W ocenie Ewy Tankiewicz, doradcy finansowego ze Spółdzielni Doradców Kredytowych ANG, każdy, kto rozważa zakup mieszkania w ramach tego programu nie powinien zniechęcać się tą informacją, ponieważ warto już przygotowywać się do zarezerwowania środków zaplanowanych na kolejny rok.
A tych, będzie tylko nieco więcej niż w puli zaplanowanej na 2016. W 2017 roku będzie to w sumie 746 mln złotych, a w tym roku było to 730 mln. Z informacji BGK wynika, że w ostatnim roku funkcjonowania MDM – w 2018 - pula ta wyniesie 762 mln złotych.

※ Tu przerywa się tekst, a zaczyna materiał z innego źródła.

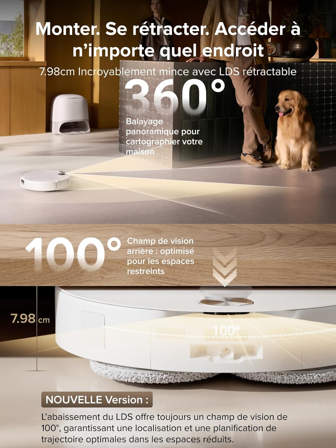 - Naviguer Partout & Ultra-fin de 7,98 cm : Le aspirateur robot laveur est équipé du système de navigation RetractSense, qui offre un balayage panoramique à 360° pour cartographier votre maison avec une précision extrême et tracer l’itinéraire de nettoyage le plus efficace. Le capteur LiDAR rétractable avec son boîtier ultra-fin de 7,98 cm assure une navigation fluide et précise, même dans les zones les plus difficiles d’accès.
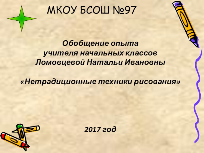 МКОУ БСОШ №97Обобщение опыта учителя начальных классовЛомовцевой Натальи Ивановны«Нетрадиционные техники рисования»2017 год

- Pomimo tego, że środków na MDM w tym roku już nie ma, ale w praktyce nic nie stoi na przeszkodzie, aby decydować się na zakup nieruchomości już teraz. Można podpisać umowę kredytową z dopłatą MDM, na podstawie której część środków z kredytu bankowego trafi do sprzedawcy mieszkania w tym roku, a pozostała część – pochodząca z puli MDM właśnie - zostanie wypłacona w 2017 roku – wyjaśnia.
Jak zaznacza doradca, oczywiście musi na to przystać sprzedający nieruchomość. I o ile w przypadku rynku pierwotnego raczej nie powinno być z tym problemu, o tyle może być z tym kłopot na rynku wtórnym. Trudno sobie bowiem wyobrazić, że sprzedający mieszkanie w tym roku zechce czekać na część środków kolejnych kilka miesięcy.
Dowiedz się więcej z książki | |
Własność lokali i wspólnota mieszkaniowa. Komentarz
|
Zdaniem Ewy Tankiewicz jeżeli w najbliższej perspektywie poważnie rozważamy zakup w ramach programu, to mimo wszystko warto się pospieszyć. Może się bowiem okazać, że jeszcze w 2016 roku środki przewidziane na kolejny rok mogą być już w części zarezerwowane.